Ron Schock
In 1966–67, Schock became a full-timer with the Boston Bruins following several years of trying to catch on with the club, but there were changes in the works that made his move to St. Louis a little less painful.
“I wasn’t disappointed because Boston made a big trade with Chicago and got Esposito and Stanfield, so the writing was on the wall.”
Schock missed the early part of the season with a charley horse and even spent some time in the minors with Kansas City. Back with the team for good after just 10 minor league games, he offered some thoughts on the coaching changes the Blues experienced in their first year.

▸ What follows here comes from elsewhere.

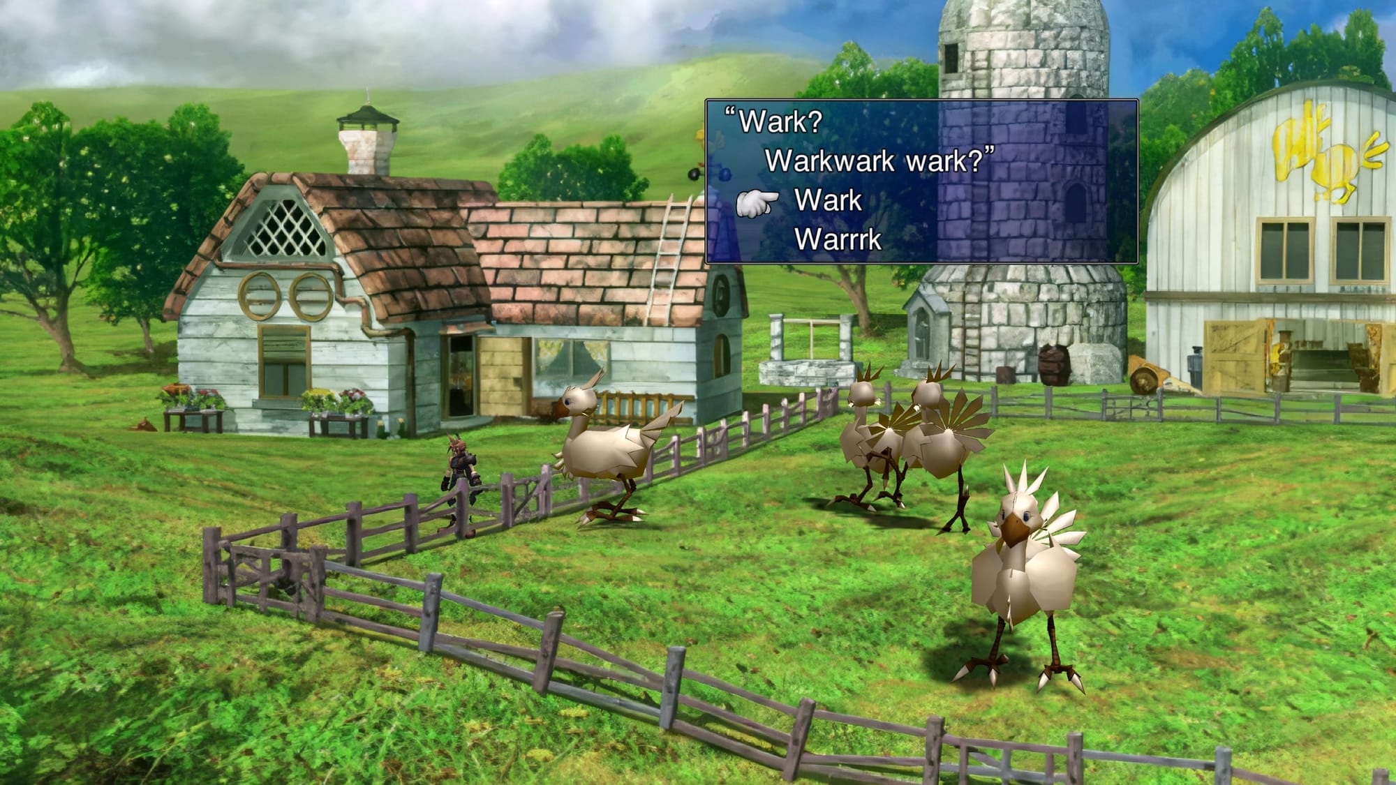 ▒ 캄 마을에서 나와 남쪽으로 내려가면 쵸코보 농장에 도착한다. 근처에 거대한 늪이 있는데 뱀 그림자 같은 것에 닿으면 미드갈즈오움이라는 이 시점에서 엄청나게 강한 몬스터와 전투가 벌어지게 되므로 우선 농장 안으로 들어가자. 우리 안에는 여러 마리의 쵸코보들이 사육되고 있는데 쵸코보에게 말을 걸여 첫 번째 답을 선택하면 쵸코보&모그리(チョコボ&モ-グリ, Choco/Mog) 소환 마테리아를 입수할 수 있다. 이 시점에서 꽤 쓸만하므로 반드시 얻자. 마테리아를 얻은 후 왼쪽의 집 안으로 들어가면 그린이 있다.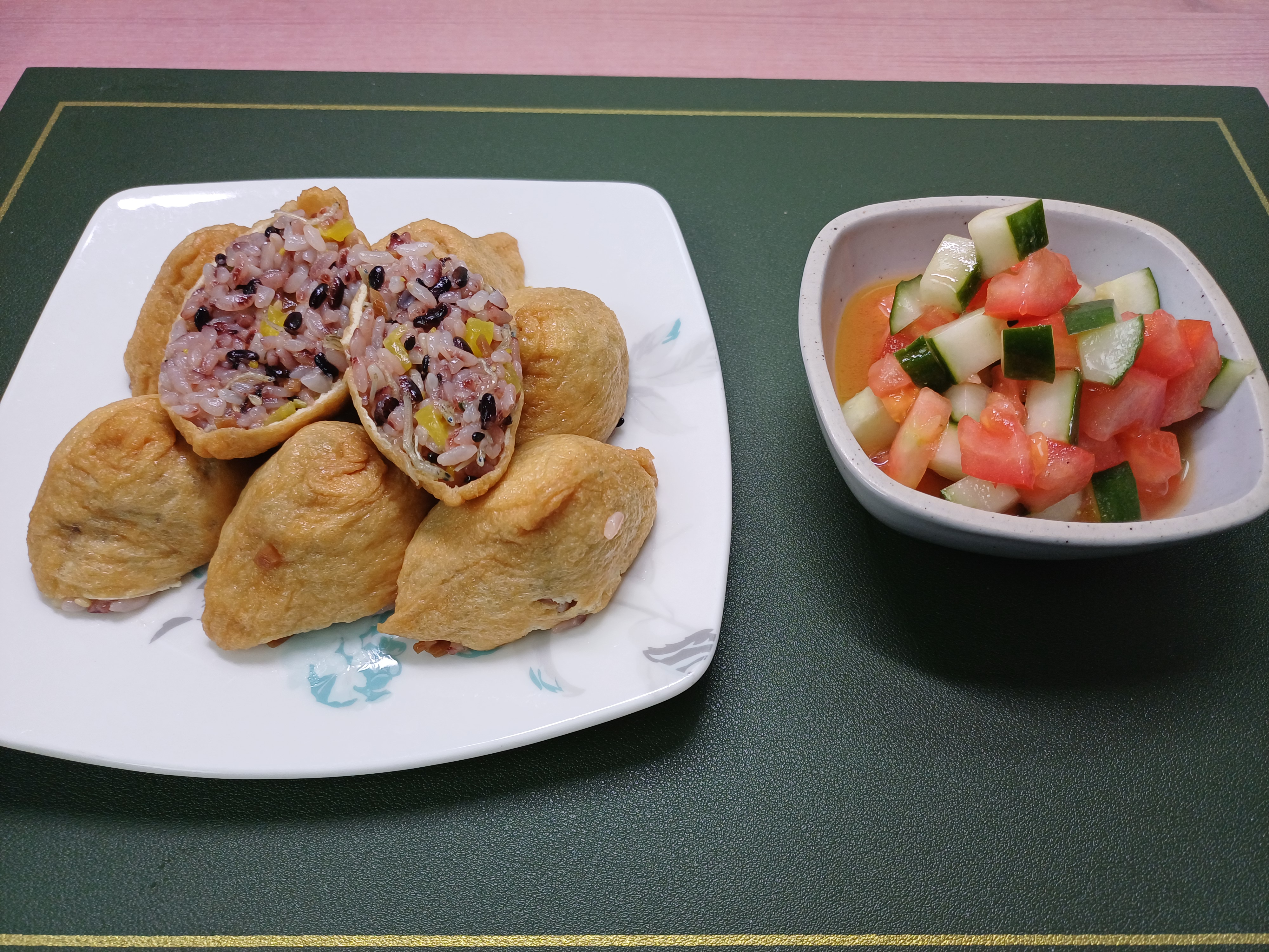 스케쥴 근무로 한 달 휴무 계획을 정하고 근무하지만 갑자기 일이 생기면 변동할 수 밖에 없습니다. 바뀐 근무 스케쥴에 마트 장을 보지 못해 냉장고 재료로 간단하게 점심 한끼를 해 먹었습니다. 유부초밥과 토마토오이샐러드 입니다.

“They had a two-coach system at the start and it didn’t work out too well. When Scotty took over, he brought in a lot of players from the Montreal system and that made it work. These players knew how to have fun and they knew how to win. I knew Lynn from Boston and I liked him an awful lot, but I don’t think he was as good a coach as Scotty was, but he was much better in management.”

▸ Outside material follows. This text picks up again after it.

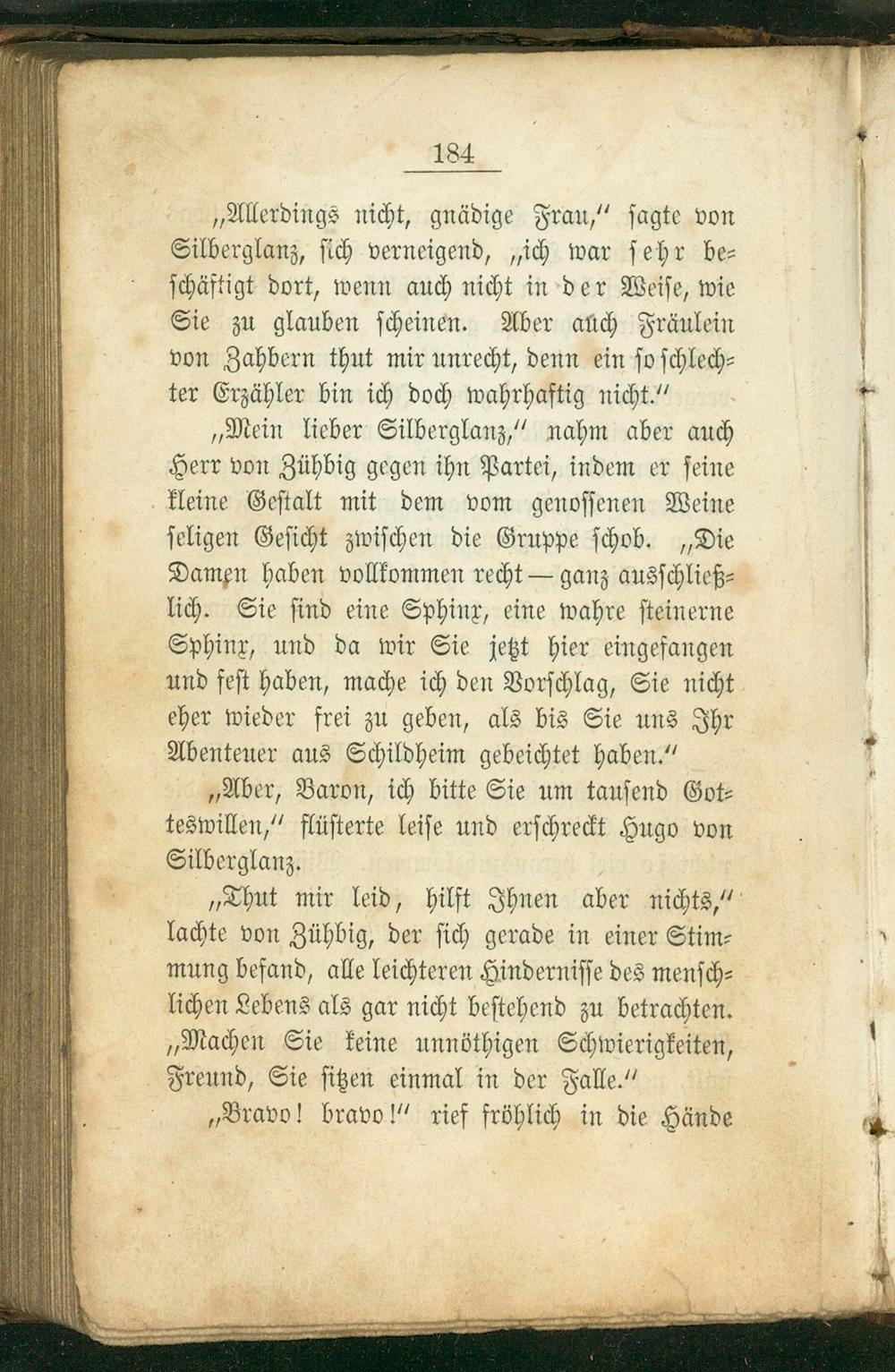 „Mein lieber Silberglanz,“ nahm aber auch Herr von Zühbig gegen ihn Partei, indem er ſeine kleine Geſtalt mit dem vom genoſſenen Weine ſeligen Geſicht zwiſchen die Gruppe ſchob.„Die Damen haben vollkommen recht— ganz ausſchließ⸗ lich. Sie ſind eine Sphinx, eine wahre ſteinerne Sphinx, und da wir Sie jetzt hier eingefangen und feſt haben, mache ich den Vorſchlag, Sie nicht eher wieder frei zu geben, als bis Sie uns Ihr Abenteuer aus Schildheim gebeichtet haben.“

Among Schock’s highlights for the year were a two-goal game against Philadelphia on November 19, 1967, and a game-winner to end a losing streak 10 days later while playing Los Angeles. Once the playoffs were in full swing, he scored a very memorable goal to seal a double-overtime victory in Game 7 of the second-round series with Minnesota.
“We got into the playoffs in the last game of the season and dug ourselves out of a hole. Scotty had a way of putting the right player out at the right time.”

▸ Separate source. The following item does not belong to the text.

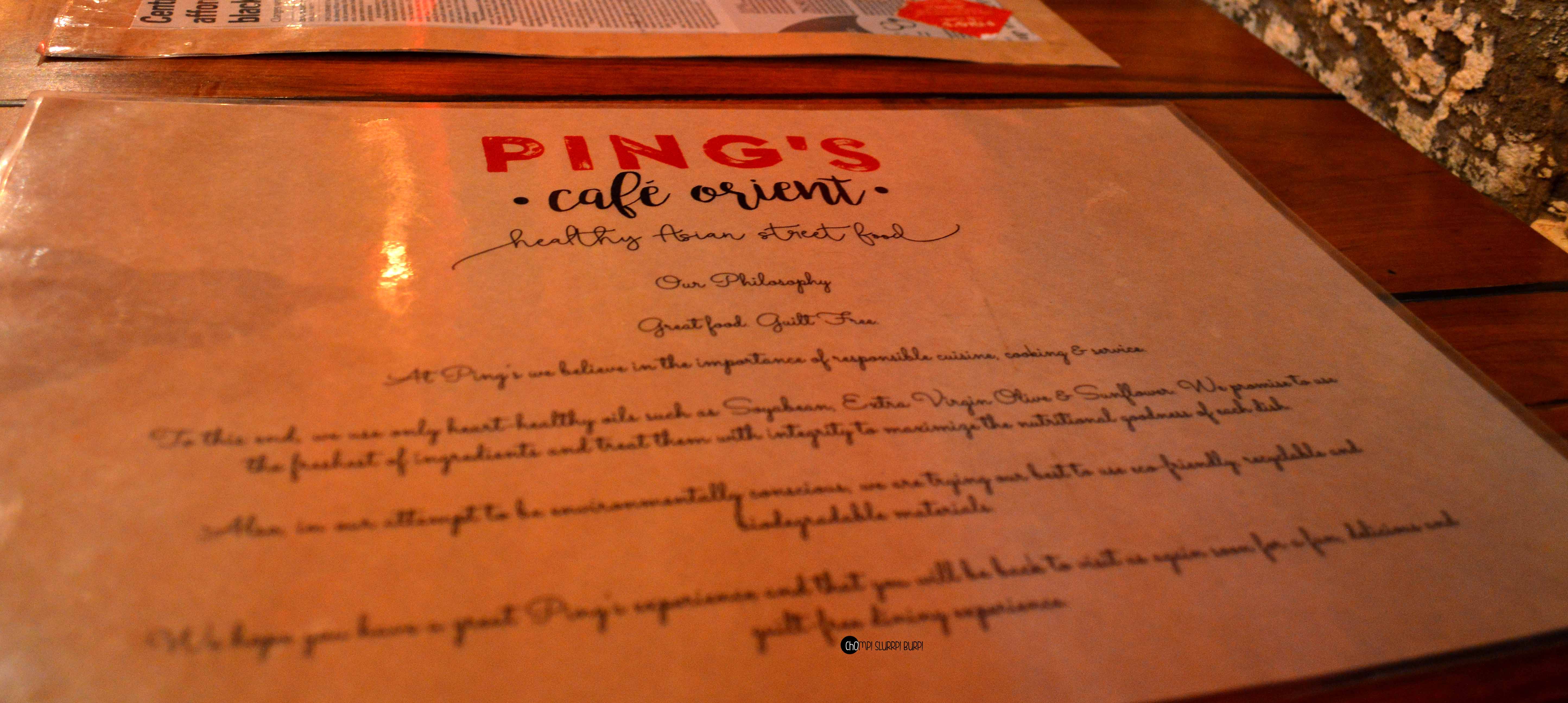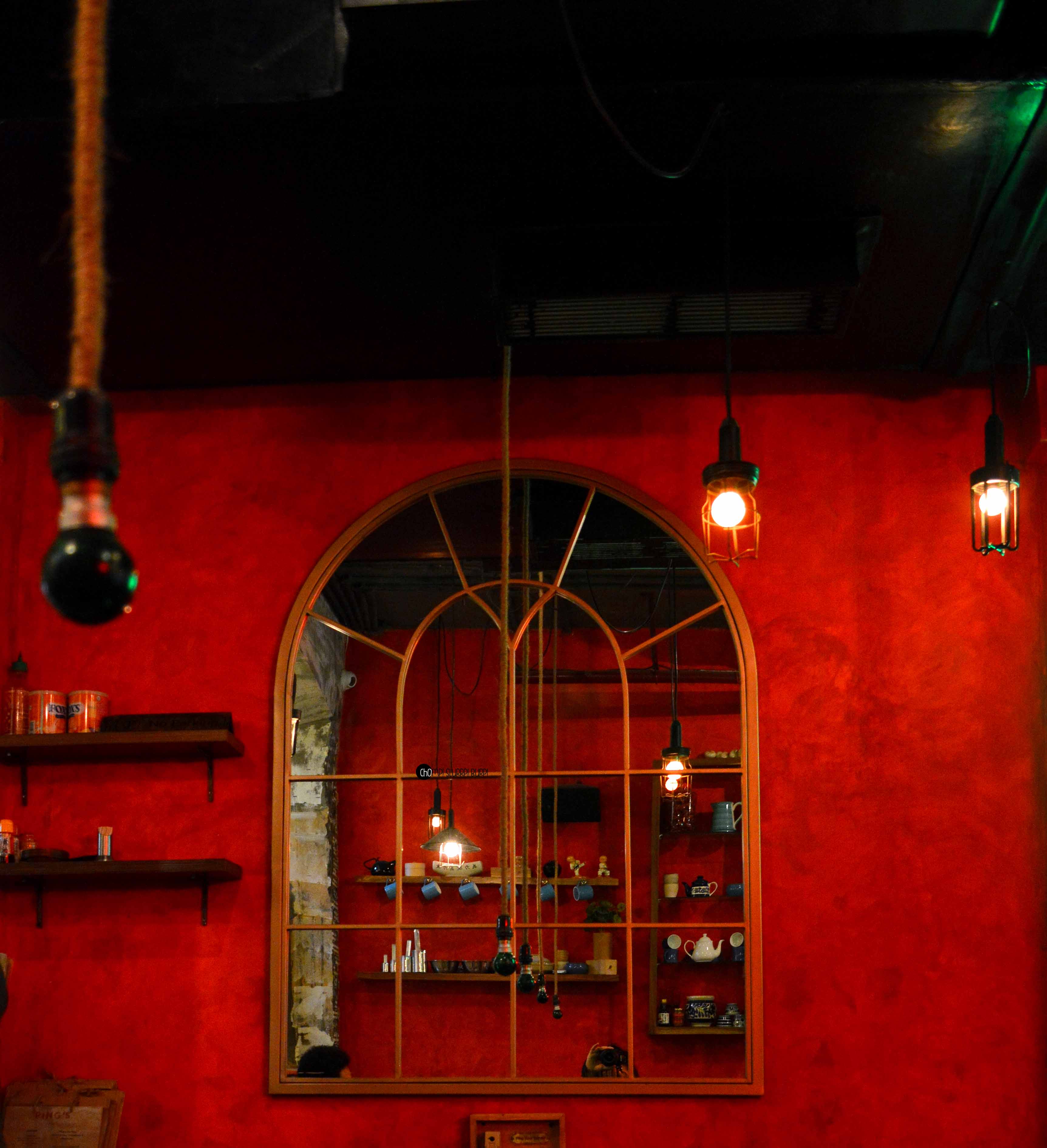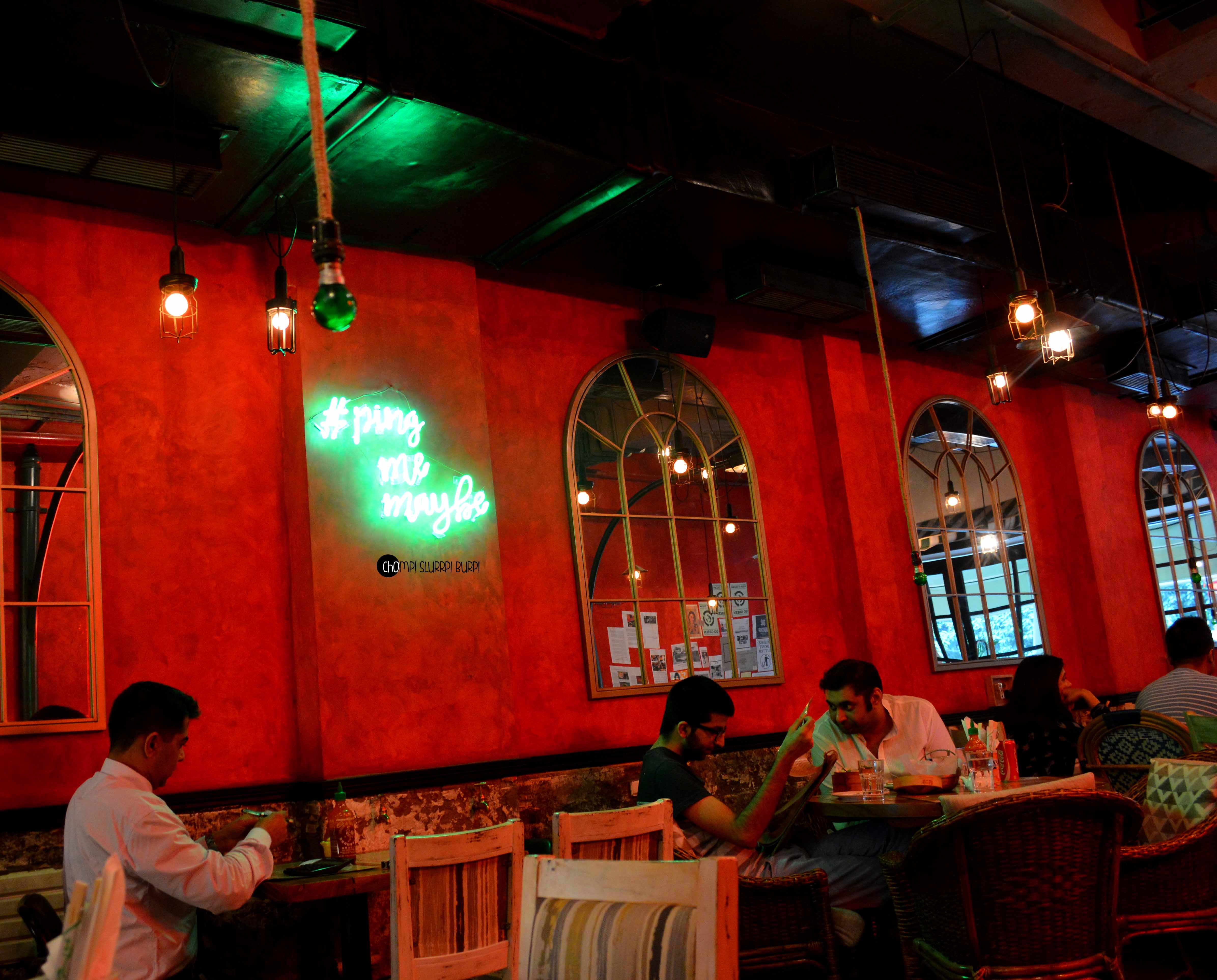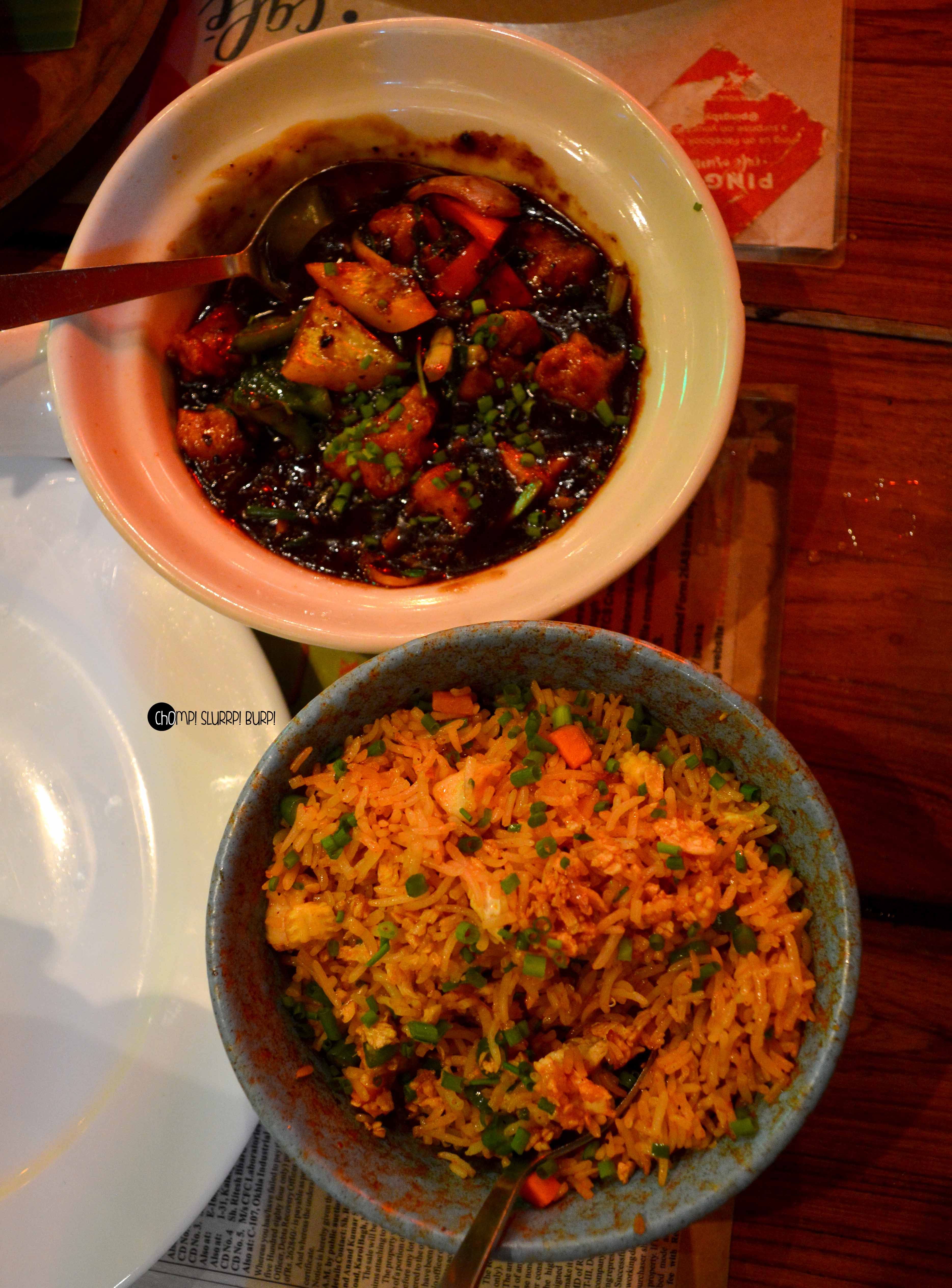 Tucked inside a street in Lodhi Colony is Ping’s Cafe Orient by PCO which immediately hauls you from the rarely peaceful Delhi street to a feet tapping, bright street in ChinaTown. The interiors are done very tastefully in the cosy little cafe – red walls papered with advertisement and flyers with lamp posts and arched mirrors. The antiquities that are lined in the cafe are most exquisite – tea pots, cutlery and bulbs. You can quite literally ping your server by pressing the switch next to your table.

That goal sent the Blues to the Stanley Cup Final for the first time. Schock reflected on the experience.
“It was amazing to get out there and you’re playing against a team who had been there for most of the past 20 years. You were in awe. I was very happy to be there.”
Noel Picard
Picard was part of Montreal’s farm system in the mid-1960s, but he saw some action with the Canadiens during the 1964–65 season and was a part of the Stanley Cup–winning team that year. Sent back to the minors, he split the 1966–67 campaign between the WHL’s Seattle Totems and the Providence Reds of the AHL before St. Louis acquired him through the expansion draft.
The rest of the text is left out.